米電力ドミニオン社がGEと調達契約 新設に向け資器材調達へ

米の電力会社ドミニオン社は1日、新規建設プロジェクトに関する主要資器材について、GEエナジーと調達契約を締結した。詳細は公表されていないが、GEのESBWR(革新型単純化BWR)の建設に必要な大型鍛造品や、工程上重要な原子炉やタービンの部品など、調達のリードタイムが長い資器材を確保するのが狙いだという。

ドミニオン社はノースアナ原子力発電所(=写真)への増設プロジェクトを掲げており、すでにNRCに対し事前サイト許可(ESP)を申請中、建設・運転一体認可(COL)についても年内の申請を予定している。米国ではほかにも多くの新規建設プロジェクトが発表されており、それらの建設が具体化すると、資器材の調達がきわめて困難になると考えられている。

ドミニオン社は新規建設の正式決定を下しているわけではないが、今回締結された調達契約は、同社が新規建設を決定した場合に備え、あらかじめ必要な資器材の供給を確保する意味合いを持つ。

GEの原子力事業部門を統括するGEニュークリアエナジーのA.ホワイト社長は、「今回の受注は、米国内で1980年代以降初めてとなる新規の原子力発電所建設準備に向けた大変大きな一歩。
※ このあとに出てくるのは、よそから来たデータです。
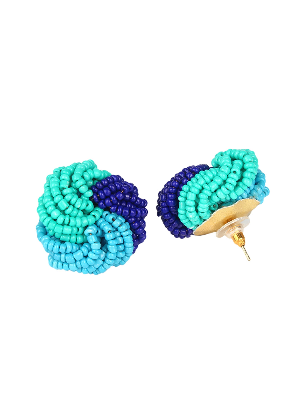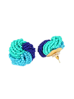 Gold-Plated Gold & Navy Blue Fabric Handcrafted Contemporary Drop Earrings
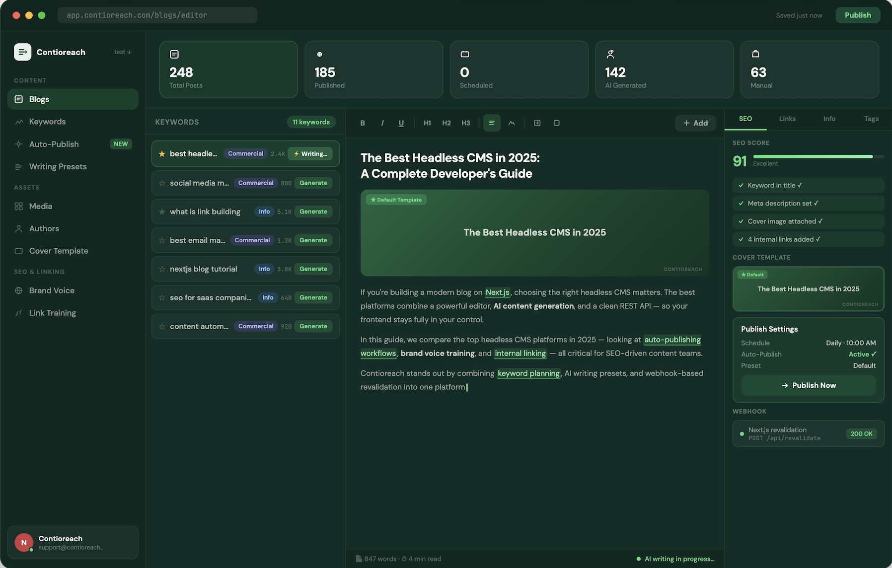 Build your blog with ContioReach—the best headless CMS for AI content generation, keyword planning, auto-scheduling, internal linking, enriched editor, SEO tools, cover templates, and multi-site management. One platform. Zero publishing.
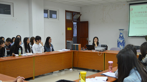 5月5日晚6:30,公司第二期青马班最后一讲在法政学科楼308会议室举行。公司12级员工金旎为同学们做了关于新闻写作与摄影技巧的培训。公司分团委全体成员、公司员工会部长和大一部分员工骨干参加了此次培训。培训由公司分团委副书记王颖主持。
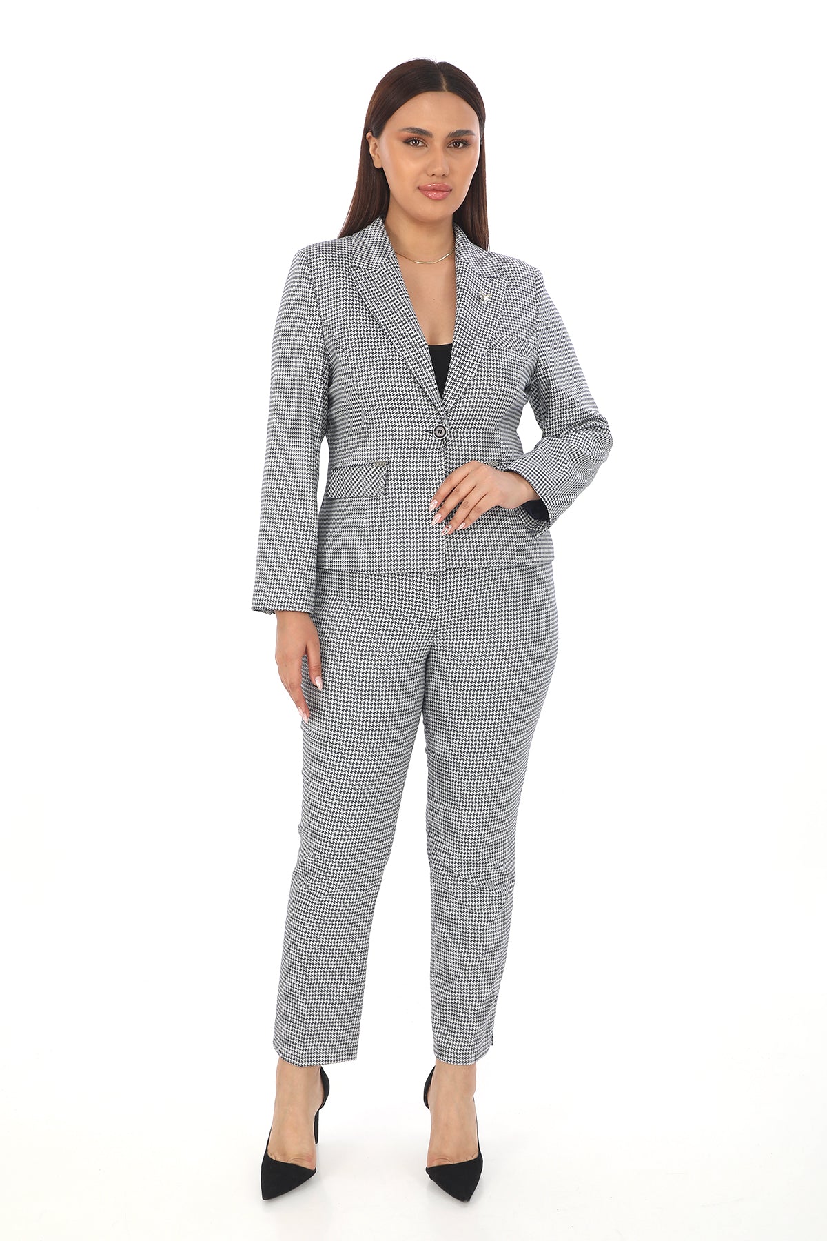Kadın Ekose Desenli Ceket & Pantolon Takım - Gri
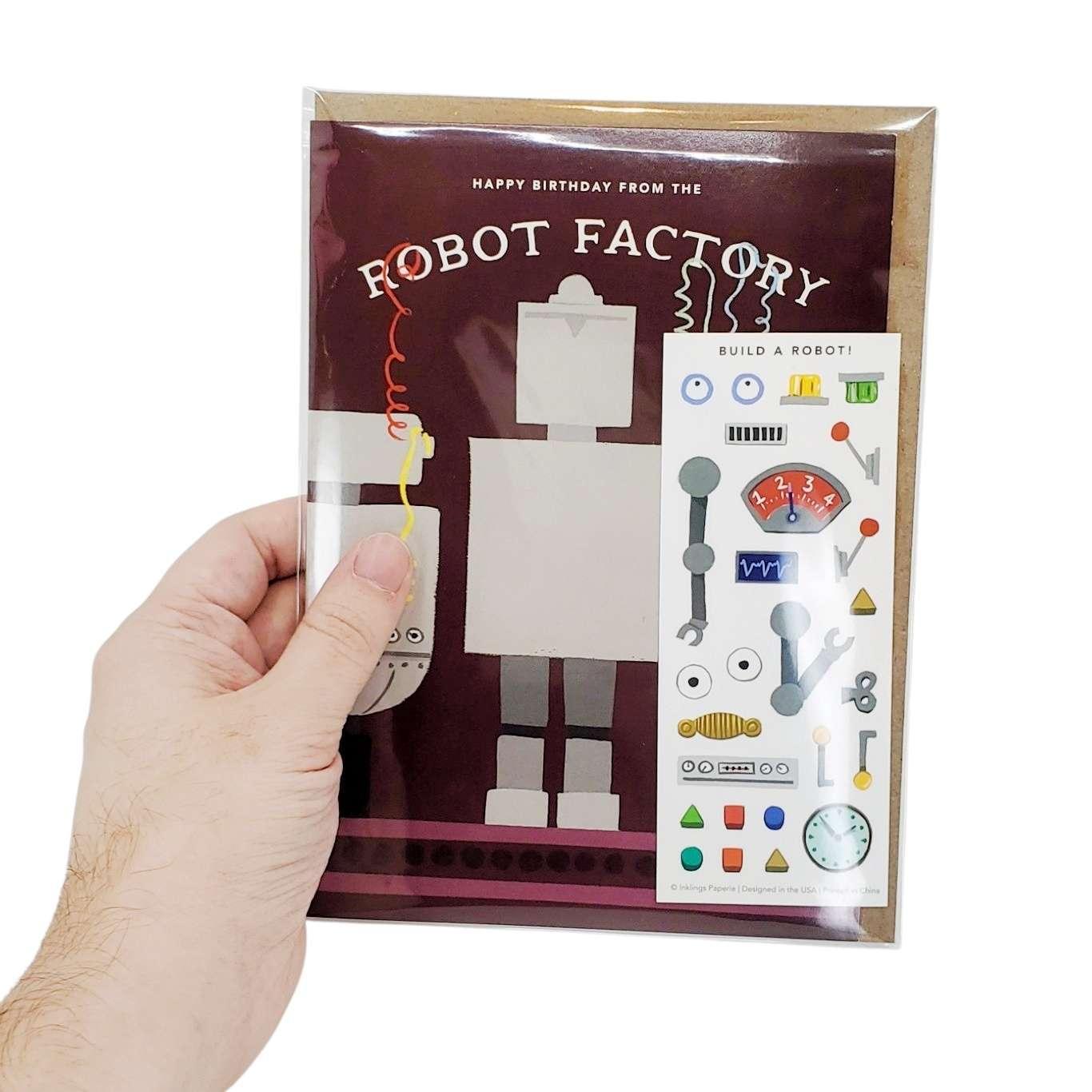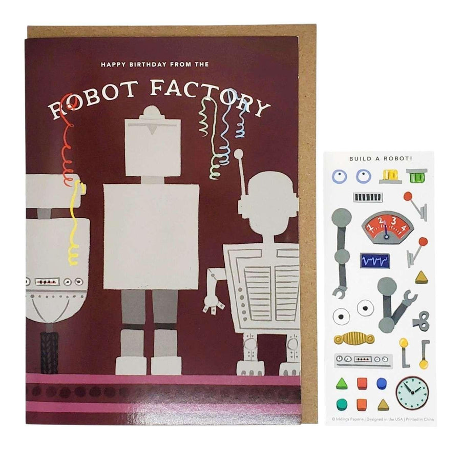 Card - Birthday - Robot Factory Sticker Scene by Inklings Paperie

GEは電力会社が求める建設工期に合うように機器製造を開始する準備ができている」と強い自信を示した。

またドミニオン社の発電所運営部門であるドミニオン・ジェネレーション社のM.F.マクゲトリック社長兼CEOは、「GEエナジーとの調達契約の締結は、健全な経営判断。他社も新規建設の検討を行っている状況下において、近い将来に主要資器材の調達がより一層難しくなることを想定し、先手を打つことは意味がある」と語った。